Lack of access to quality education is a human right abuse. It is enshrined in the 1992 Constitution to protect children and provide them with the conducive environment to learn and have a bright future.

Apart from denying the Ghanaian child the right to quality education, efforts to build a strong human resource base for sustainable development of the country is also in limbo.

Quality education for all and the attainment of SDGs

Ghana is a signatory to the United Nations Sustainable Development Goals (SDGs) which are a universal call to action to end poverty, protect the planet and ensure that all people enjoy peace and prosperity by 2030.

According to the former United Nations (UN) Secretary General, Ban Ki-Moon, in September, 2015 after UN General Assembly adopted the Agenda 2030 for Sustainable Development, along with the 17 SDGs, “the new agenda is a promise by leaders to all people everywhere. It is an agenda for people, to end poverty in all of its forms. Thus, an agenda for the planet, our common home”.

The Agenda is a culmination of many years of negotiation and was endorsed by all 193 member nations of the General Assembly, both developed and developing, and applies to all countries. This means, all countries must implement pragmatic policies and innovations that would accelerate the attainment of this agenda and the SDGs.
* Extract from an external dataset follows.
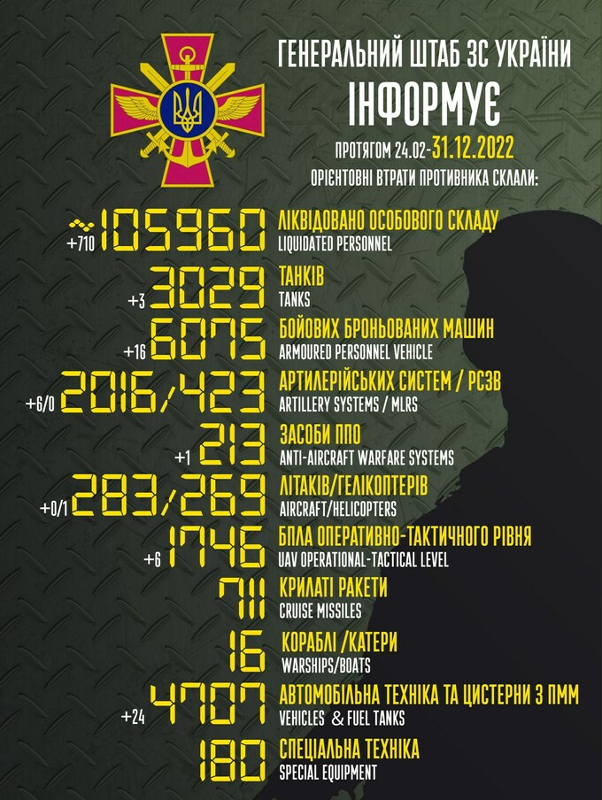Пропонуємо до вашої уваги зведення загальних бойових втрат росії з 24.02 по 31.12.

Whilst there were no specifics as to which policies and programmes each country should undertake to aid in the achievement of the goals, building resilient human resource base was key through education was a major weapon to achieving the targets and this cannot be realized when the very foundation of our educational system, the basic schools, particularly in rural areas is neglected.

Appeal and recommendations

For the country to successfully attain the SDGs especially goal four, government and other stakeholders need to be proactive when dealing with issues affecting children by implementing policies that inure to their growth including adequate educational infrastructure.

This is because the children are the future of this country and when they are not well nurtured, cultured and taken care of, the future of our country is “doomed”.

Many children in rural schools such as those in some schools in the Bongo District continue to underperform due to the numerous challenges they face in their quest to learn in school.

The schools in rural areas need special attention and it would not be out of place if government recognizes this challenge and institute a strategic project geared at solely addressing furniture and other infrastructure challenges in the rural areas.

It would further be considered as a great capital investment if the common fund of the Member of Parliament is used to restock the basic schools in the area with adequate furniture and provide enabling environment for the pupils to learn.

This would help solve most of the challenges in the schools and help achieve quality education and the SDGs particularly goal four.